▶ **YOUR ASSIGNMENT**
Give back each entry unchanged, minus pictures.

Entries taken from a collection:
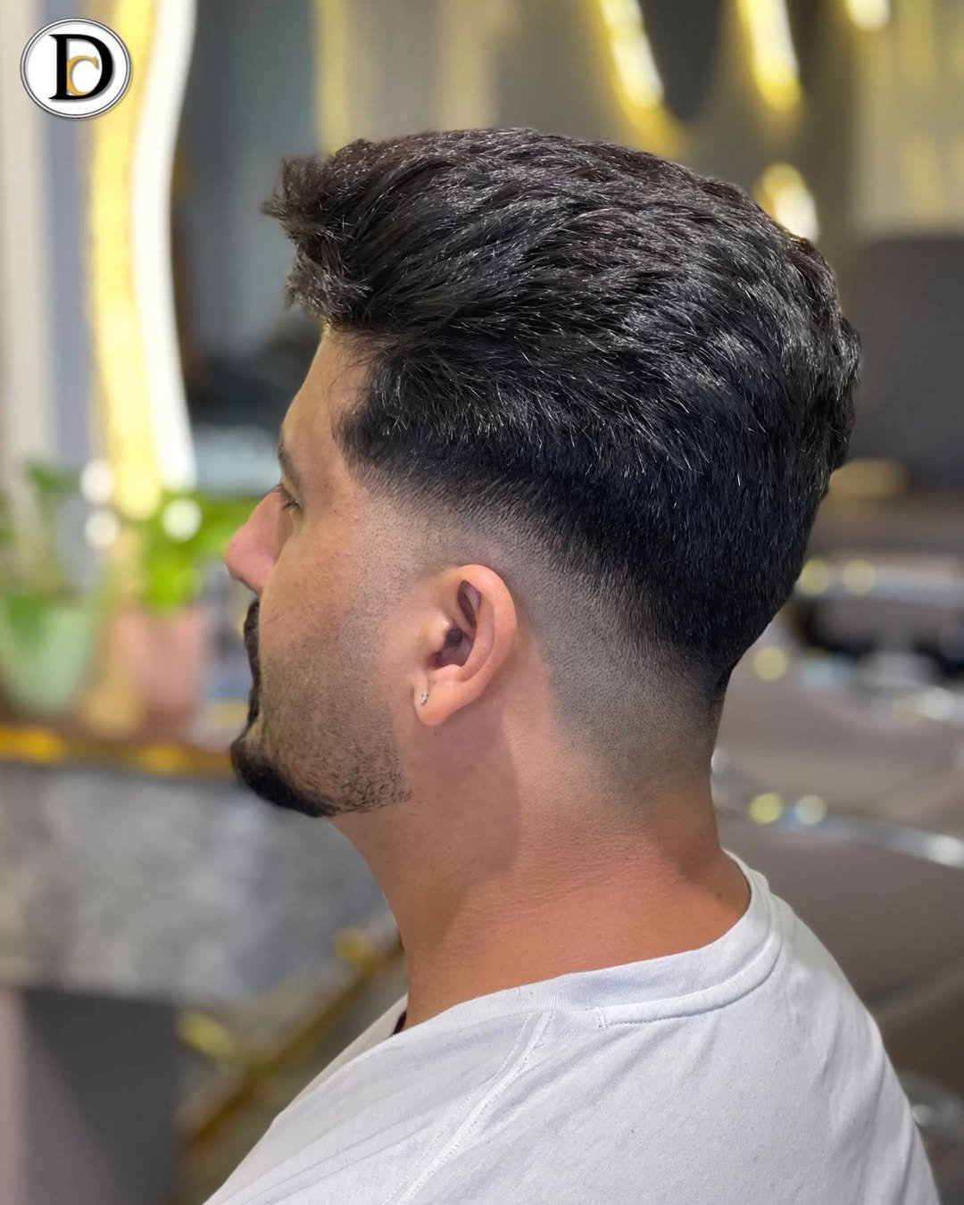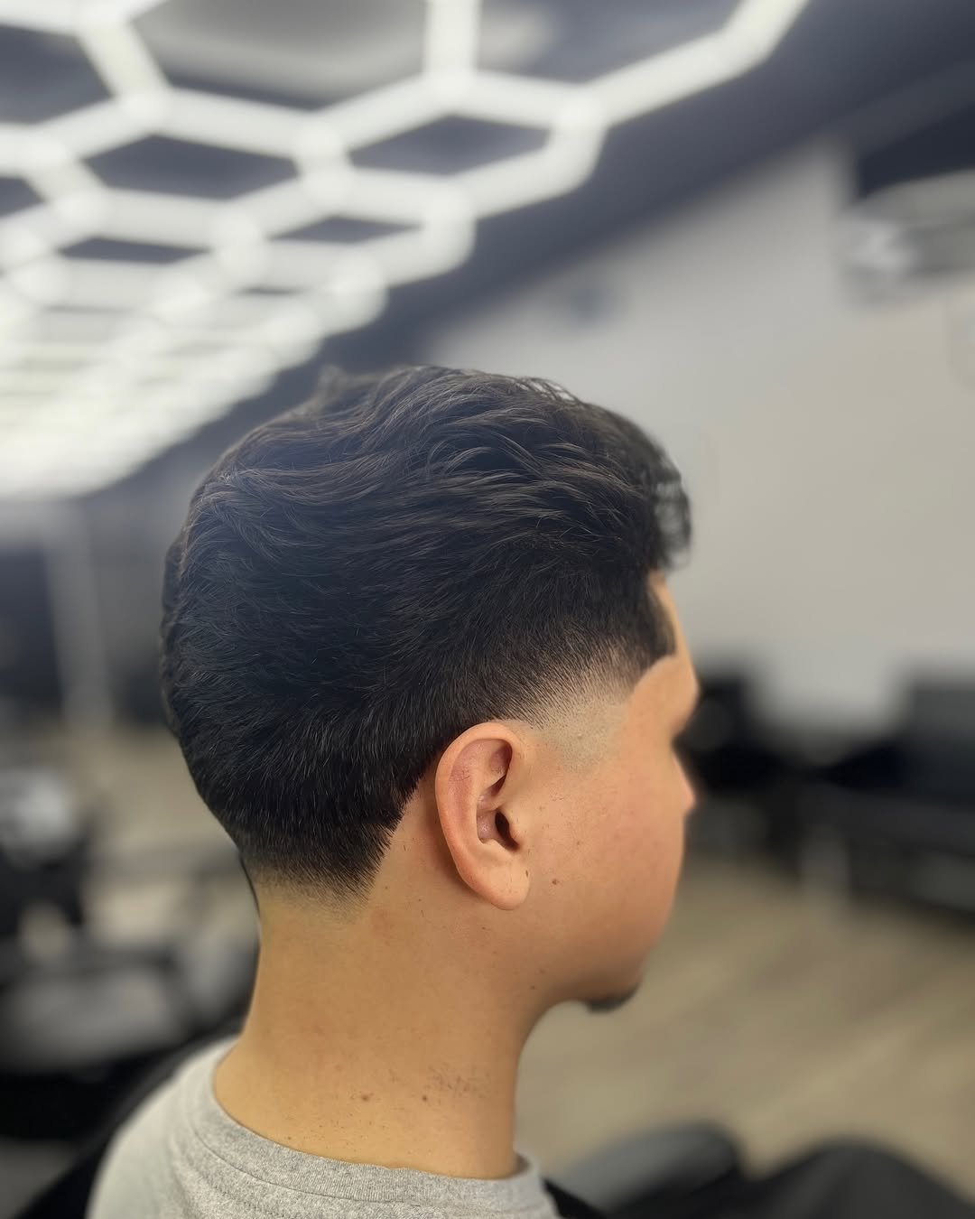 What stands out is how clean the fade blends into the neckline, creating a crisp profile from every angle. It’s a great choice for guys who like structure with movement, especially if your hair naturally holds volume or you like a slightly brushed-up style.
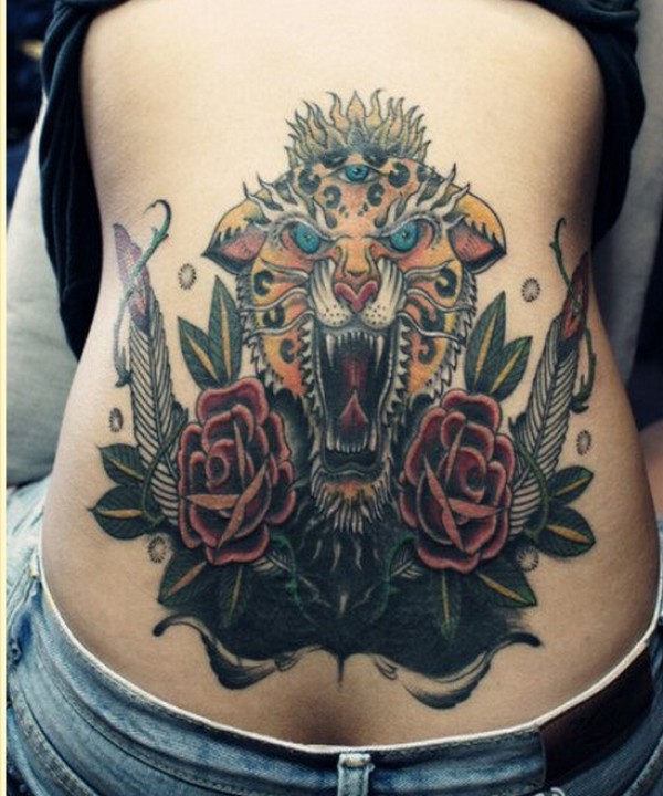 时尚女生腰部个性金钱豹玫瑰花纹身图图片
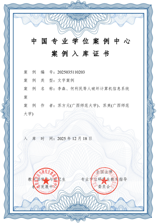 法学院行政主要负责人等撰写的《漓江流域生态破坏民事公益诉讼案》,段海风等撰写的《罗昌平侮辱“冰雕连”英烈案》,苏方元等撰写的《李森、何利民等人破坏计算机信息系统案》,张霞撰写的《张惠珍等与安徽华信国际控股股份有限公司等证券虚假陈述责任纠纷案》聚焦司法实践与社会热点,涵盖民商、刑事等多个法律领域。我校法学院将继续以案例教学为重要抓手,不断深化教育教学改革,创新实践育人模式,持续打造高质量法治人才培养高地,为服务法治中国建设与区域经济社会发展作出更大贡献。
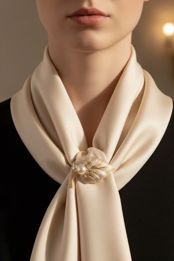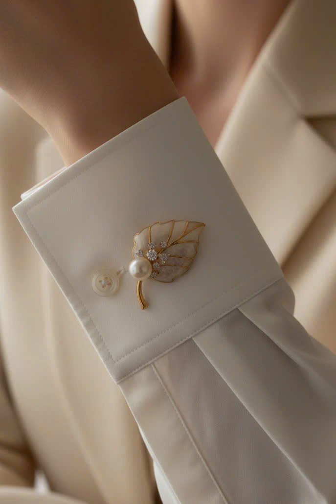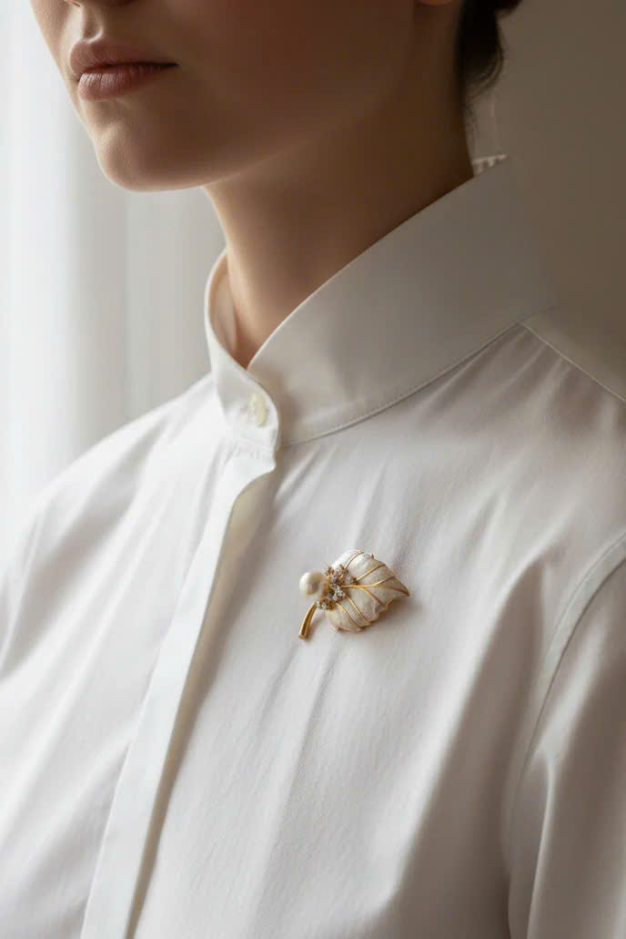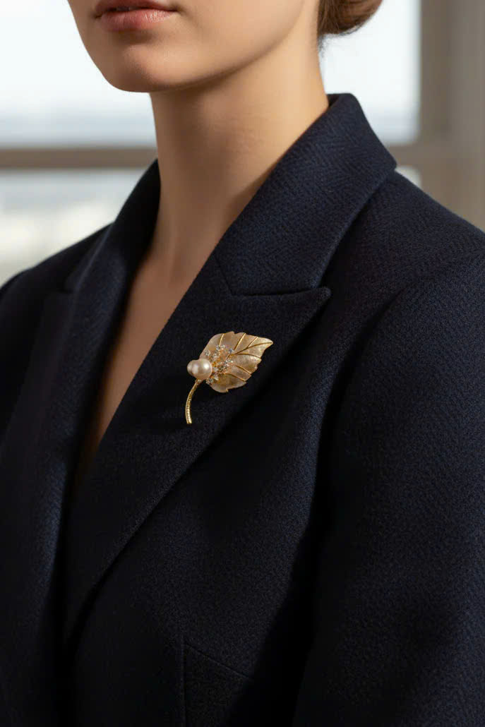 Chiếc cài áo không chỉ là một món trang sức, mà còn là điểm nhấn thể hiện gu thẩm mỹ tinh tế của người phụ nữ. Cài áo hình chiếc lá được chế tác thủ công tinh xảo, mang đến vẻ đẹp vừa cổ điển vừa hiện đại.
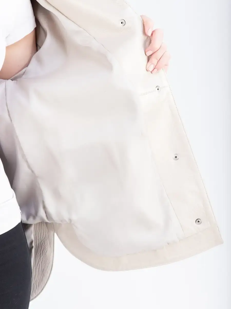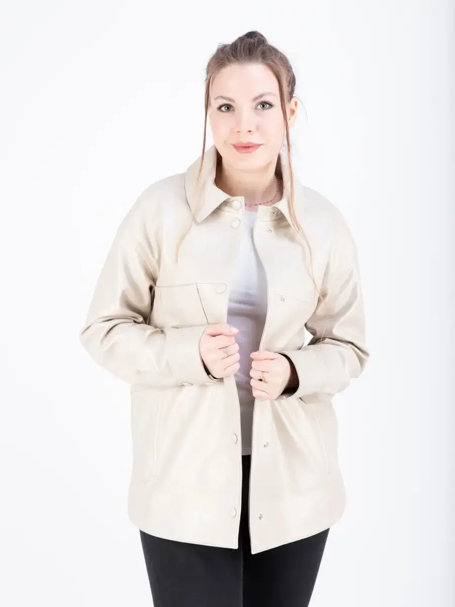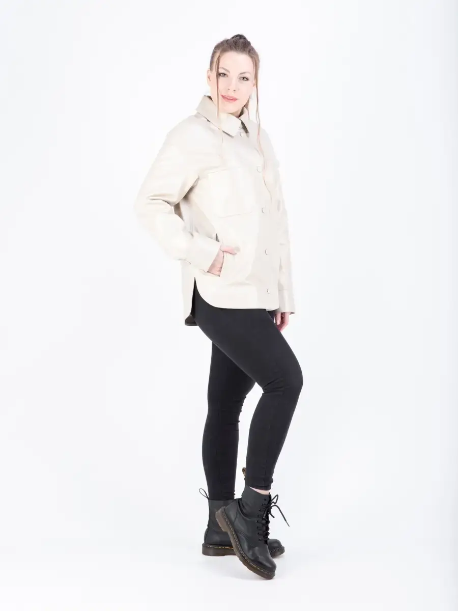 Куртка - рубашка женская из натуральной кожи ягненка. Женская куртка кожаная выполнена из прочной и в то же время из мягкой натуральной кожи. Выделка кожи фактурная - джумбо. Воротник рубашечный со стойкой. Стильная женская куртка - рубашка располагает удобным и декоративными элементами в виде разрезов по бокам и карманом на груди. Куртка женская свободного кроя не сковывает, особенно удобно при вождении автомобиля. В качестве застежки кнопки, карманы прорезные. Рукав имеет спущенную линию плеча - реглан с манжетом на кнопках. Такая стильная куртка будет радовать Вас своей универсальностью: осенью и весной ее можно носить как верхнюю одежду, а зимой под пуховик или шубу-чебурашку, что сделает Ваш образ многослойным, а значит интересным. Свободный крой рубашки позволит носить ее на теплый свитер без стеснения движений в качестве полноценной верхней одежды. Куртка женская демисезонная, короткая куртка женская, женская куртка на весну и на осень

▶ **ANSWER TO THIS PROBLEM**
 What stands out is how clean the fade blends into the neckline, creating a crisp profile from every angle. It’s a great choice for guys who like structure with movement, especially if your hair naturally holds volume or you like a slightly brushed-up style.
 时尚女生腰部个性金钱豹玫瑰花纹身图图片
 法学院行政主要负责人等撰写的《漓江流域生态破坏民事公益诉讼案》,段海风等撰写的《罗昌平侮辱“冰雕连”英烈案》,苏方元等撰写的《李森、何利民等人破坏计算机信息系统案》,张霞撰写的《张惠珍等与安徽华信国际控股股份有限公司等证券虚假陈述责任纠纷案》聚焦司法实践与社会热点,涵盖民商、刑事等多个法律领域。我校法学院将继续以案例教学为重要抓手,不断深化教育教学改革,创新实践育人模式,持续打造高质量法治人才培养高地,为服务法治中国建设与区域经济社会发展作出更大贡献。
 Chiếc cài áo không chỉ là một món trang sức, mà còn là điểm nhấn thể hiện gu thẩm mỹ tinh tế của người phụ nữ. Cài áo hình chiếc lá được chế tác thủ công tinh xảo, mang đến vẻ đẹp vừa cổ điển vừa hiện đại.
 Куртка - рубашка женская из натуральной кожи ягненка. Женская куртка кожаная выполнена из прочной и в то же время из мягкой натуральной кожи. Выделка кожи фактурная - джумбо. Воротник рубашечный со стойкой. Стильная женская куртка - рубашка располагает удобным и декоративными элементами в виде разрезов по бокам и карманом на груди. Куртка женская свободного кроя не сковывает, особенно удобно при вождении автомобиля. В качестве застежки кнопки, карманы прорезные. Рукав имеет спущенную линию плеча - реглан с манжетом на кнопках. Такая стильная куртка будет радовать Вас своей универсальностью: осенью и весной ее можно носить как верхнюю одежду, а зимой под пуховик или шубу-чебурашку, что сделает Ваш образ многослойным, а значит интересным. Свободный крой рубашки позволит носить ее на теплый свитер без стеснения движений в качестве полноценной верхней одежды. Куртка женская демисезонная, короткая куртка женская, женская куртка на весну и на осень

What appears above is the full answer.